We then analyzed the sequence properties of all the above signal peptides including the N domain charge, the H domain hydrophobicity, the H domain terminal amino acid α-helical preference, the folding free energy, the D-score, and the pI value (Additional file 2: Table S1). The correlation between the above sequence properties of signal peptides and their mediated extracellular AmyZ1 activity was then analyzed (Fig. 5). However, no significant linear relationship was found between them (Fig. 5). Since SPNucB provided the greatest increase in extracellular AmyZ1 activity, WBZ-VY-B was selected for subsequent studies.

Fig. 5
figure 5

Effect of signal peptide sequence characteristics on extracellular AmyZ1 production. (A) Charge of N domain. (B) Hydrophobicity of the H domain. (C) α-Helix preference of H domain terminal amino acid. (D) Folding free energy. (E) D-score. (F) pI value. Error bars represent the standard deviation

Effect of RBS element on AmyZ1 expression

In this study, we optimized the RBS sequence in the amyZ1 expression vector based on the RBS Calculator (https://salislab.net/software/, accessed on 16 November 2022) and selected the top 10 RBS optimized sequences (RBS1 to RBS10) from the 8000 sequences obtained according to the predicted translation initial rate (TIR) values (Additional file 1: Table S2).

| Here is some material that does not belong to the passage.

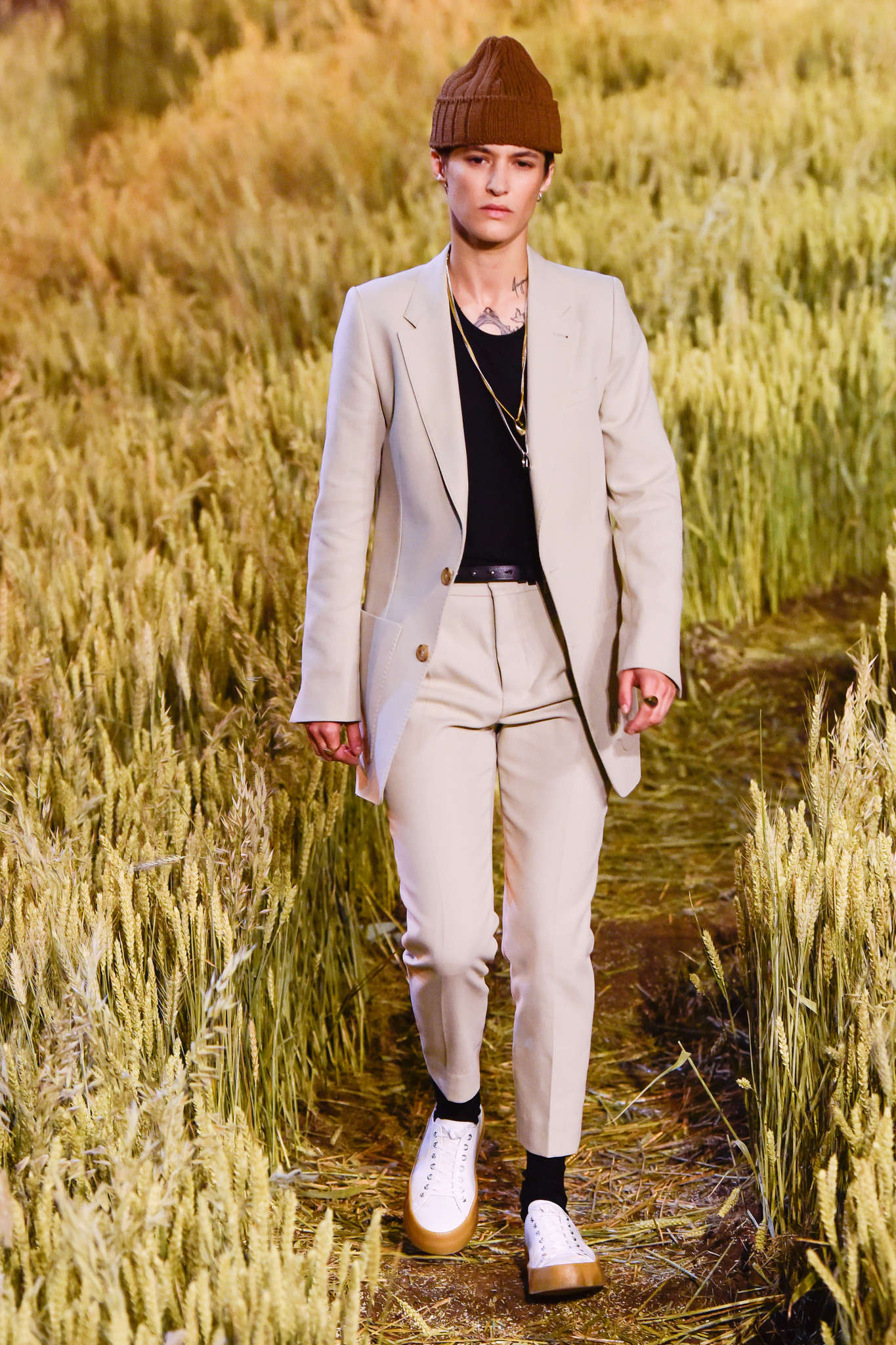 La masculinité citadine s’oppose à une » masculinité populaire » adulant les Rambo et Schwarzennger. L’homme aux champs est le nouvel exotisme de la saison. Les fantasmes autour du chapeau de paille permettent d’entrevoir le récit des choses « simples » et « authentiques ». Pourtant ce ne sont pas des habits paysans que revêtissent les hommes enfantins de cette saison. Ils conservent le tailoring, mais un tailoring moins Wall Street. Le retour au bac à sable et à la campagne se fait avec des tissus fin et léger.Ils deviennent les armes de la simplicité ornementale. Un homme qui ne met pas la main à la terre, mais aime se promener sur ses terres. La classe moyenne, vivant hors des villes est-elle privée de mode ?

Then, the original RBS sequence (RBS0) was replaced using the optimized RBS (RBS1 to RBS10) to construct the corresponding recombinant strains WBZ-VY-B-R1 to WBZ-VY-B-R10, respectively (Table 1). As shown in Fig. 6, after shake-flask culture, the extracellular AmyZ1 activity of WBZ-VY-B-R1 (4824.2 U/mL) containing RBS1 was the highest, 1.15-fold (p < 0.05) higher than that of the control strain WBZ-VY-B (4199.1 U/mL) containing RBS0. Although the TIR of RBS2 was also higher than that of RBS0 (Additional file 1: Table S2), the extracellular AmyZ1 activity of WBZ-VY-B-R2 (2639.1 U/mL) was only 62.8% of that of WBZ-VY-B (Fig. 6). In addition, the extracellular AmyZ1 activity of WBZ-VY-B-R7 (3603.4 U/mL) was 1.37-fold greater than that of WBZ-VY-B-R2, while the TIR of RBS7 was lower than that of RBS2. Therefore, there was no significant linear relationship between the TIR of the RBS sequence and its extracellular AmyZ1 activity (Fig. 6).

Fig. 6
figure 6

Effect of RBS sequence optimization on extracellular AmyZ1 production. Error bars represent the standard deviation

Scale-up of AmyZ1 production in a 3-L fermenter

To further verify the effect of expression regulatory element optimization on the extracellular expression of AmyZ1 in B. subtilis, the recombinant strains WBZ-Y, WBZ-VY, WBZ-VY-B, and WBZ-VY-B-R1 were fermented in a 3-L fermenter, respectively. The extracellular AmyZ1 activities of WBZ-VY (32179.5 U/mL), WBZ-VY-B (35824.4 U/mL), and WBZ-VY-B-R1 (41251.3 U/mL) after 3-L fermenter fermentation were 2.0-, 2.2-, and 2.5-fold higher than that of WBZ-Y (16280.8 U/mL), respectively (Fig. 7A). These results are consistent with those of the shake flask fermentation and have been verified by SDS-PAGE analysis (Fig. 7B).

Fig. 7
figure 7

Scale-up (3-L) fermentation of B. subtilis strains. (A) The AmyZ1 activity in the fermentation supernatant was monitored as a function of time. Error bars represent the standard deviation. (B) SDS-PAGE analysis of B. subtilis strains fermentation supernatant. The arrow indicates the band corresponding to AmyZ1 (~ 55 kDa). Lanes 1–3: supernatant samples of WBZ-Y at 56, 60, and 64 h, respectively. Lanes 4–6: supernatant samples of WBZ-VY at 64, 68, and 72 h, respectively. Lanes 7–9: supernatant samples of WBZ-VY-B at 60, 64, and 68 h, respectively. Lanes 10–12: supernatant samples of WBZ-VY-B-R1 at 64, 68, and 72 h, respectively. Lane M: protein molecular weight markers

Enhancing AmyZ1 production through fermentation optimization

Since WBZ-VY-B-R1 exhibited great potential for the industrial production of AmyZ1, to obtain higher extracellular AmyZ1 activity, the fermentation medium components were first optimized at the shake flask fermentation level. Then, based on this, the basic medium and feed solution of 3-L fermenter fermentation were further optimized.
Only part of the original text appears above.